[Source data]
___

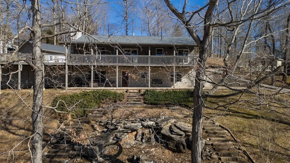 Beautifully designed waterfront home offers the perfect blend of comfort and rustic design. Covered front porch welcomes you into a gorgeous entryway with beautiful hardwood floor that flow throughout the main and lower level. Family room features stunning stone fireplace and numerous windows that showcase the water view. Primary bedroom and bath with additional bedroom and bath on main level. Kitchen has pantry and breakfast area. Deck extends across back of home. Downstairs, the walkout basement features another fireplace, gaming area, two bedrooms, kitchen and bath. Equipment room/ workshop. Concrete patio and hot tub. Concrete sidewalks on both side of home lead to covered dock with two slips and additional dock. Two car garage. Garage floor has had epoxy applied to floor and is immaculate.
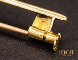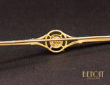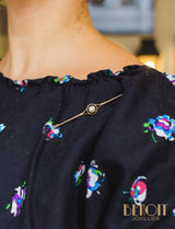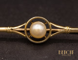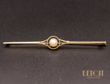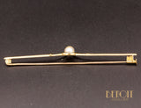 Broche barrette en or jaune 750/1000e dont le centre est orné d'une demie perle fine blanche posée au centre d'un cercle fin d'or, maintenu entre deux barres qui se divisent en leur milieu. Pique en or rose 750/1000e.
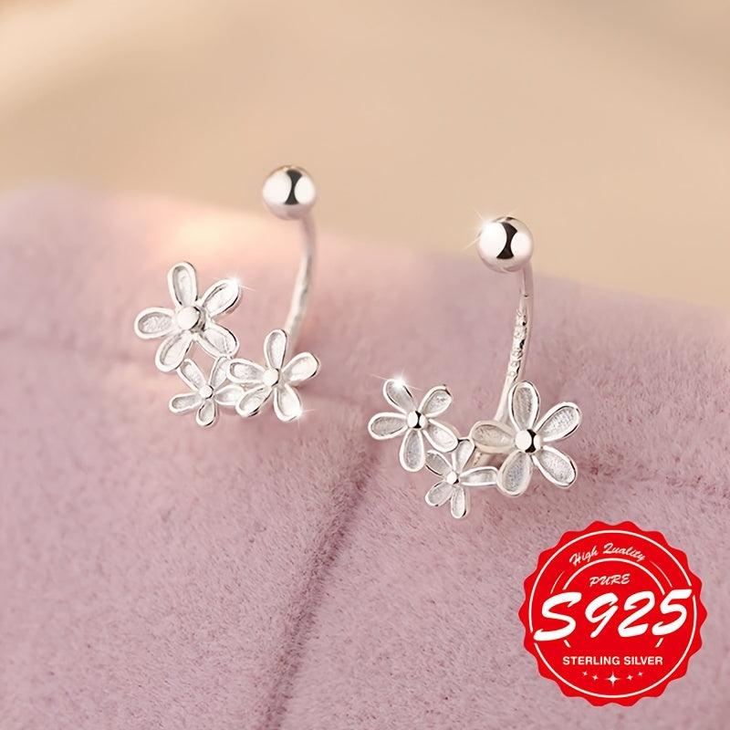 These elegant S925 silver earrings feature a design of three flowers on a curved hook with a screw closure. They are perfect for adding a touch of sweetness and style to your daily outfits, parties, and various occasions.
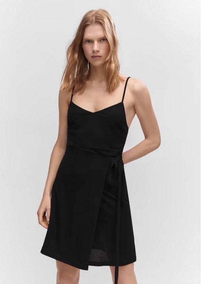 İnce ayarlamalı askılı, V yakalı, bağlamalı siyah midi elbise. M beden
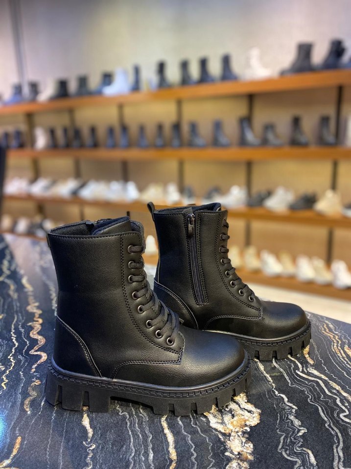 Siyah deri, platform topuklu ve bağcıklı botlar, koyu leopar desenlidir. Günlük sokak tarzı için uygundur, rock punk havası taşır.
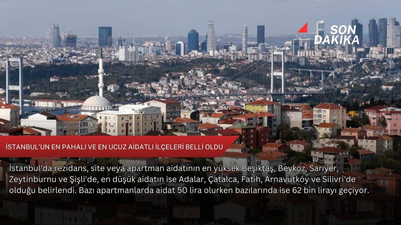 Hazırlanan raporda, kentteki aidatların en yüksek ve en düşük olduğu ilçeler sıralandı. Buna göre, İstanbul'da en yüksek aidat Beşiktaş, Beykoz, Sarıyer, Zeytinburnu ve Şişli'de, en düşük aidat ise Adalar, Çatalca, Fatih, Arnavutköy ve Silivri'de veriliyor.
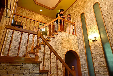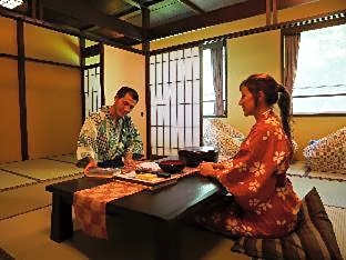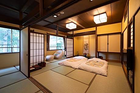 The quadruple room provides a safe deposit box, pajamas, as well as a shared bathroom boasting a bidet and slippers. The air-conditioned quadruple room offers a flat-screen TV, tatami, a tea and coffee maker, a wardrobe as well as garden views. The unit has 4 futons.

___

### [TASK]
Among the entries above, take the line with "Broche barrette en", the line with "These elegant S925", and all the lines between them, and restate them word for word without pictures.

### [ANSWER SPACE]
 Broche barrette en or jaune 750/1000e dont le centre est orné d'une demie perle fine blanche posée au centre d'un cercle fin d'or, maintenu entre deux barres qui se divisent en leur milieu. Pique en or rose 750/1000e.
 These elegant S925 silver earrings feature a design of three flowers on a curved hook with a screw closure. They are perfect for adding a touch of sweetness and style to your daily outfits, parties, and various occasions.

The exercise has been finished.